HTTP POST/PUT with Negotiate Authentication (CURLAUTH_NEGOTIATE) and data specified with CURLOPT_UPLOAD/CURLOPT_INFILESIZE_LARGE/CURLOPT_READFUNCTION/CURLOPT_SEEKFUNCTION fails

From: Hölzl, Dominik <Dominik.Hoelzl_at_fabasoft.com>
Date: Tue, 7 Feb 2017 11:20:50 +0000

Hello!

I have found another issue when doing a challenge-based request:

On Windows I want to perform a POST (or another custom) request (CURLOPT_CUSTOMREQUEST) with some data specified with CURLOPT_UPLOAD/CURLOPT_INFILESIZE_LARGE/CURLOPT_READFUNCTION/CURLOPT_SEEKFUNCTION by using negotiate authentication (CURLOPT_HTTPAUTH CURLAUTH_NEGOTIATE, CURLOPT_USERNAME (empty for Windows credentials), CURLOPT_PASSWORD (empty for Windows credentials)), but the authentication fails.
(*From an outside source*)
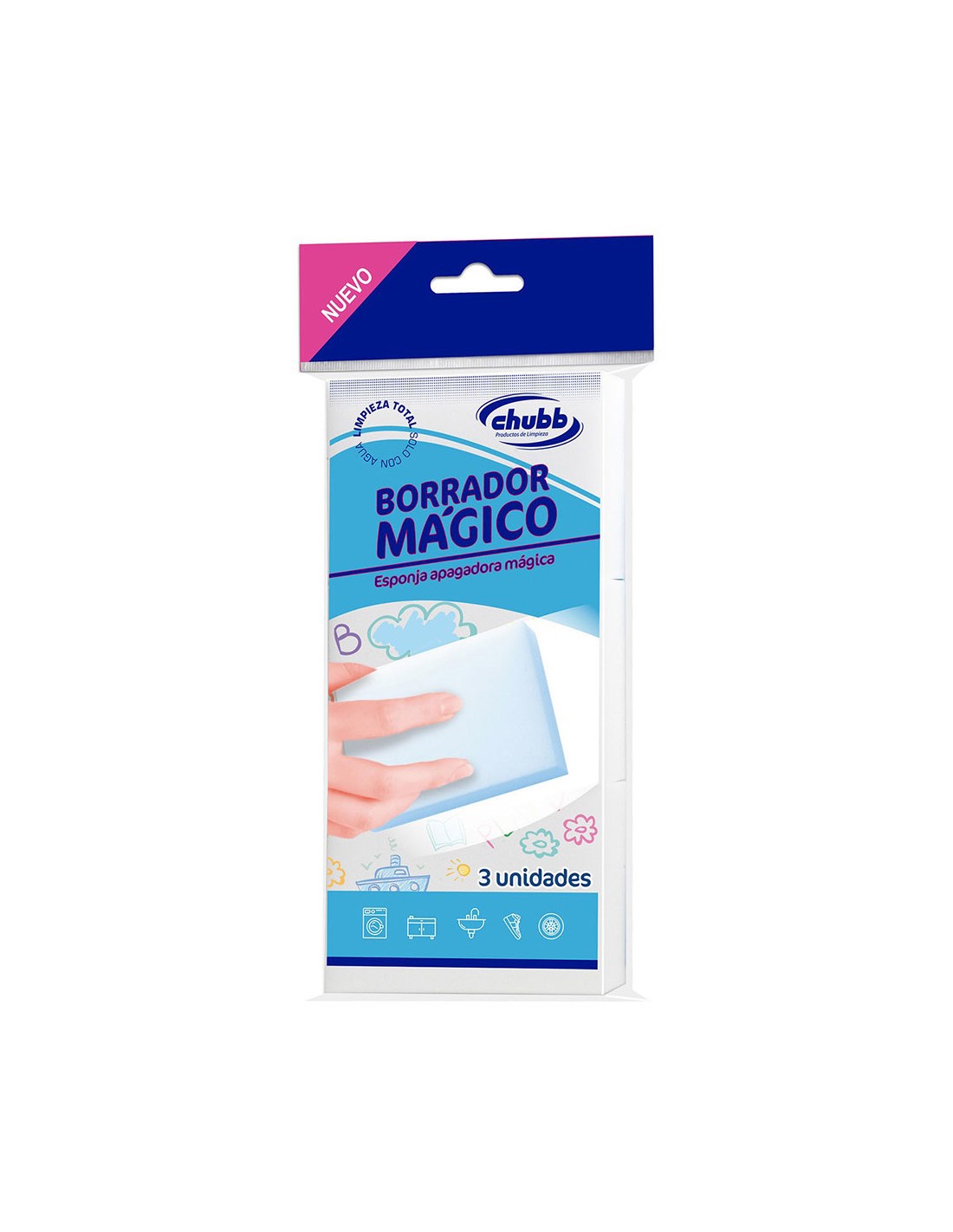 Borrador magico bolsa 3ud 10x7x3cm c01153 esponja de melamina para limpieza. elimina cualquier mancha, suciedad, óxido o grasa en paredes, zapatillas, sartenes, pomos, juntas, etc. útil para múltiples materiales. chubb
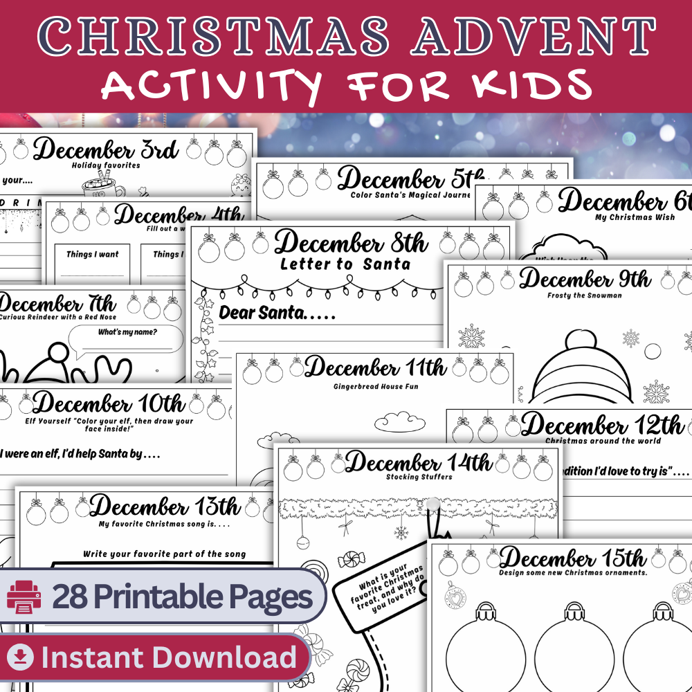 Unwrap the holiday spirit with our Christmas Advent Activity for Kids! This 28-page pack is perfect for keeping little ones entertained while spreading joy. Get festive with this printable activity pack.

Explicitly suppressing the "Expect: 100-continue" header seems to get the request working, but this is not an acceptable solution.

Using CURLOPT_POSTFIELDS instead of CURLOPT_UPLOAD, CURLOPT_READFUNCTION, CURLOPT_SEEKFUNCTION also works. But this is not the intended way to upload large amounts of data.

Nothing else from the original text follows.